TASK TO CARRY OUT:
An exact repetition of the data is required; no picture should appear in it.

DATA BLOCK:
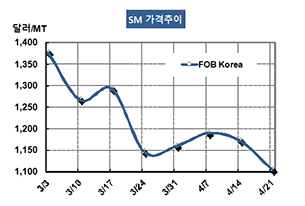 FOB Korea 1104달러로 67달러 떨어져 … 정기보수 후가 문제
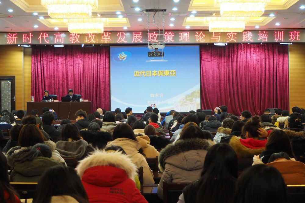 11月26日下午,东北师范大学副校长、博士生导师韩东育教授受红足官网邀请在主楼一楼报告厅做了题为“中日关系与东亚历史文化发展趋势”的主题报告,本次报告系红足官网“新时代高教改革发展政策理论与实践培训班”的第2讲。校青马工程“”黑大菁英大学生骨干培训班学员和历史文化旅游学院、东语学院师生共计300余人参加了报告会,报告会由校党委副书记蒋晶洁主持。
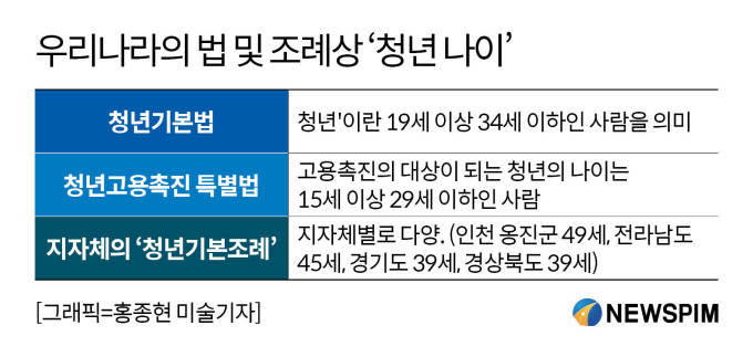 심지어 2020년 8월 시행된 청년기본법에는 청년을 19이상 34세 이하로 정해놓고 있는데, 지방정부들이 청년 연령의 상한선을 39세에서 54세까지 높이고 있다는 것입니다. 물론 지방정부들이 왜 청년 나이를 높이는지 이해가는 측면도 다분히 있습니다.

EXERCISE OUTPUT:
 FOB Korea 1104달러로 67달러 떨어져 … 정기보수 후가 문제
 11月26日下午,东北师范大学副校长、博士生导师韩东育教授受红足官网邀请在主楼一楼报告厅做了题为“中日关系与东亚历史文化发展趋势”的主题报告,本次报告系红足官网“新时代高教改革发展政策理论与实践培训班”的第2讲。校青马工程“”黑大菁英大学生骨干培训班学员和历史文化旅游学院、东语学院师生共计300余人参加了报告会,报告会由校党委副书记蒋晶洁主持。
 심지어 2020년 8월 시행된 청년기본법에는 청년을 19이상 34세 이하로 정해놓고 있는데, 지방정부들이 청년 연령의 상한선을 39세에서 54세까지 높이고 있다는 것입니다. 물론 지방정부들이 왜 청년 나이를 높이는지 이해가는 측면도 다분히 있습니다.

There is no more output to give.